EXERCISE GOAL =
Your copy of the data should leave out the images and match everything else exactly.
====== PROVIDED MATERIAL
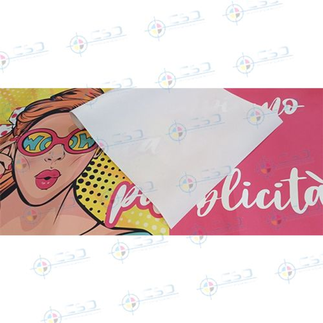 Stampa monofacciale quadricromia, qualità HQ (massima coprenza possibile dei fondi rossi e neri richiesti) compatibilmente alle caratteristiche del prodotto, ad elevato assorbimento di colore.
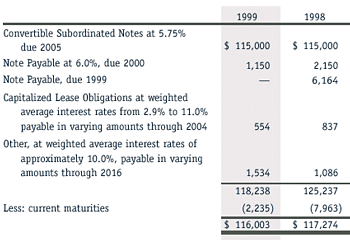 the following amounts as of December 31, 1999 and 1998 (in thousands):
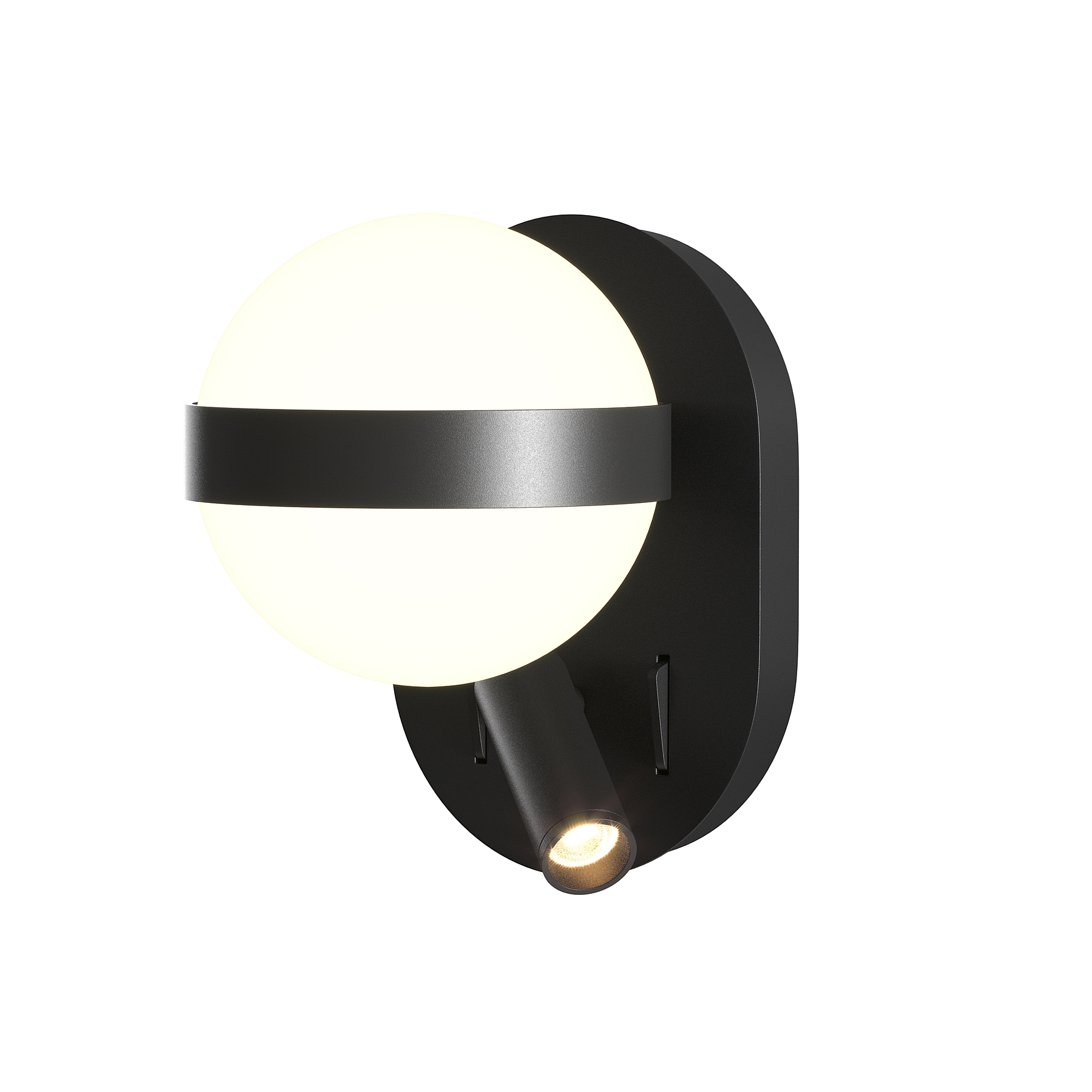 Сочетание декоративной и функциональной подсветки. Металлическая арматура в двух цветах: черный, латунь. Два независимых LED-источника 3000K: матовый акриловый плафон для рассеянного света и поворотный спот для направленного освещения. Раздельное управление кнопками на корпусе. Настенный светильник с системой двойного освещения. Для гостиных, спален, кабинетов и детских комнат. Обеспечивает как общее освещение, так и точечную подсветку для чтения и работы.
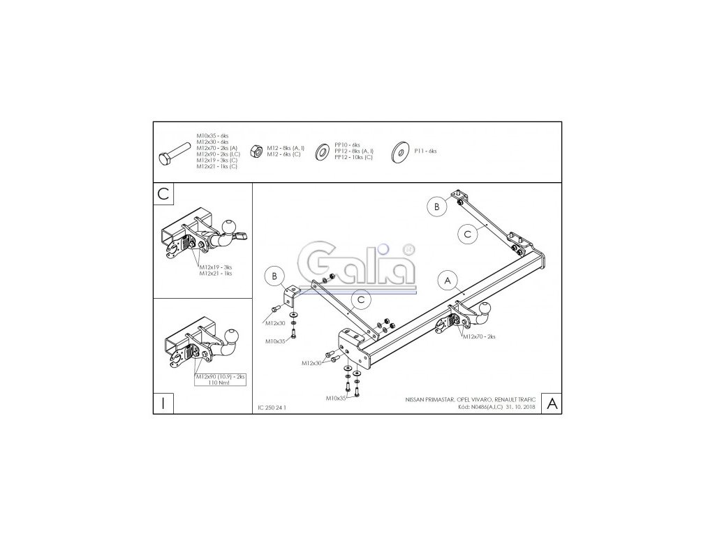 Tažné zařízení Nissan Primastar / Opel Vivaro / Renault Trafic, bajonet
============
YOUR RESPONSE =
 Stampa monofacciale quadricromia, qualità HQ (massima coprenza possibile dei fondi rossi e neri richiesti) compatibilmente alle caratteristiche del prodotto, ad elevato assorbimento di colore.
 the following amounts as of December 31, 1999 and 1998 (in thousands):
 Сочетание декоративной и функциональной подсветки. Металлическая арматура в двух цветах: черный, латунь. Два независимых LED-источника 3000K: матовый акриловый плафон для рассеянного света и поворотный спот для направленного освещения. Раздельное управление кнопками на корпусе. Настенный светильник с системой двойного освещения. Для гостиных, спален, кабинетов и детских комнат. Обеспечивает как общее освещение, так и точечную подсветку для чтения и работы.
 Tažné zařízení Nissan Primastar / Opel Vivaro / Renault Trafic, bajonet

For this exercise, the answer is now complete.